Whether and how to deliver sedation in anticipation of weaning of adult patients from prolonged mechanical ventilation is one arena where such opinion-based medicine is called for as new methods and resources emerge, as the limitations of some established practices are better appreciated and as we wait for a new generation of randomized controlled trials (RCTs) to provide definitive evidence. In this paper we offer some views on this subject, hoping to stimulate debate among colleagues.
Definition of weaning and the distribution of weaning experience
Aspects of current practice that should be discarded
Criteria for weaning
Influence of the type/quality of sedation on the success/failure of weaning in ICU patients
Weaning in the context of cooperative sedation (a concept unknown when several pivotal RCTs on weaning were performed).
Weaning is the liberation of a patient from mechanical ventilatory support. As such it is a process not an outcome and a process that starts when the decision is taken to intubate a patient. Weaning is thus not the same thing as extubation; rather, extubation may be seen as the culmination of the weaning process.

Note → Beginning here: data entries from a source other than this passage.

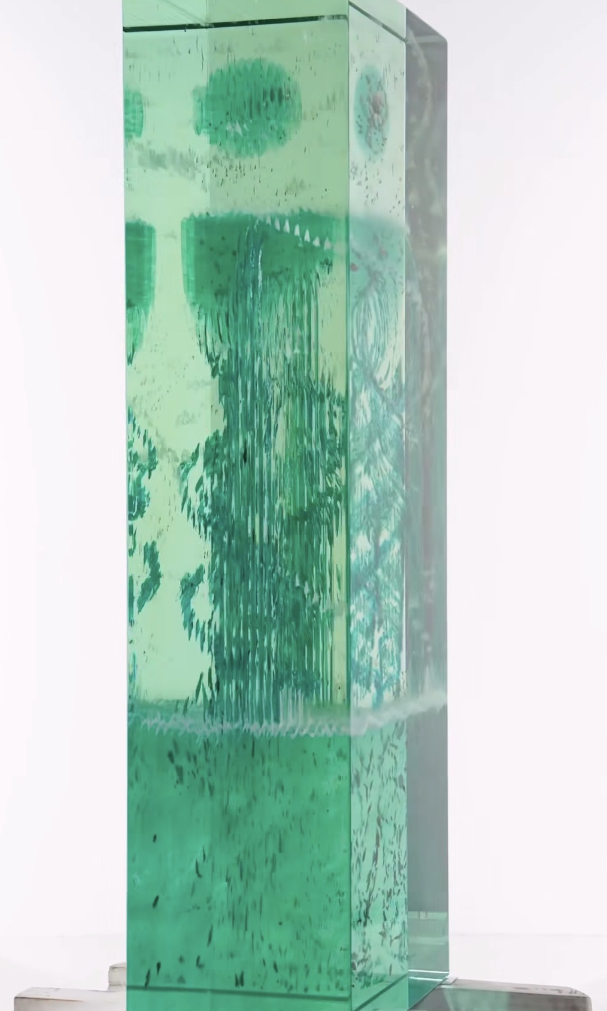 Cephaloproteus Riverhead III is a large-scale sculptural work by Dustin Yellin, measuring over six feet tall. The piece features layered glass panels filled with intricate collaged imagery suspended in epoxy resin, creating a three-dimensional narrative landscape in signature turquoise tones. The work showcases Yellin's distinctive technique of building complex visual worlds within transparent architectural forms, with swirling organic forms and scattered elements creating depth and movement throughout the composition.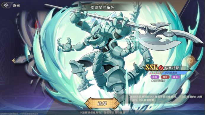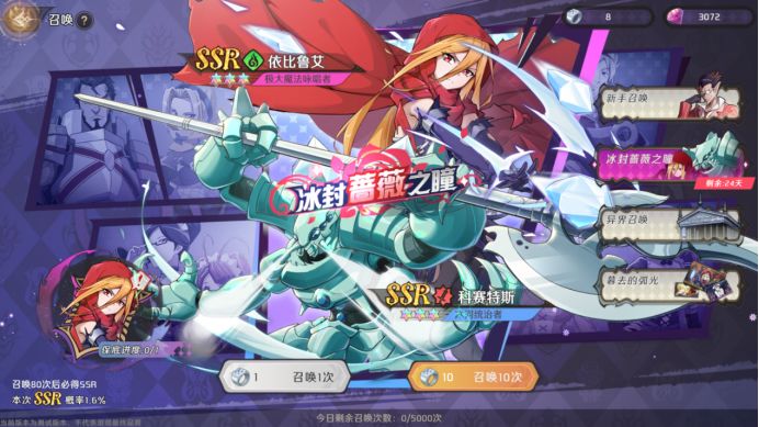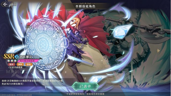 游戏中第一个UP卡池为【冰封蔷薇之瞳】,一共拥有2个SSR角色可选,分别为依比鲁艾和科塞特斯,至尊们可以任选其一作为保底。在up卡池中,如果第一个抽到的SSR角色不是保底角色,则下次召唤出SSR时必为保底角色。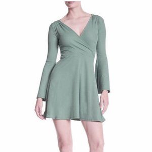 Topshop Ribbed Dress Bell Long Sleeves V-Neck Size 8 Nylon & Elastane Green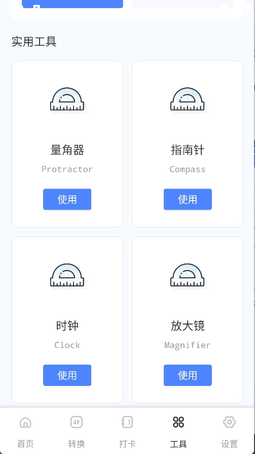 4、工具页面集成了手电筒、量角器、指南针、时钟与放大镜等实用功能。

Maintaining patients on the weaning pathway requires a holistic approach that prioritizes the best preservation of respiratory muscles without excessive stress to patients, maintenance of haemodynamic stability, nutrition and electrolyte status, and attention to patient’s motivation and engagement.
A corollary of this definition of weaning is that non-invasive ventilation (NIV) can be an important and valuable part of the weaning process and an adjunct to extubation. This is demonstrably the case in chronic obstructive pulmonary disease (COPD), as shown in several RCTs [1–3]. NIV is often applied in non-COPD cases of hypoxaemic respiratory failure, though as yet without the substantiation of major RCTs [4, 5].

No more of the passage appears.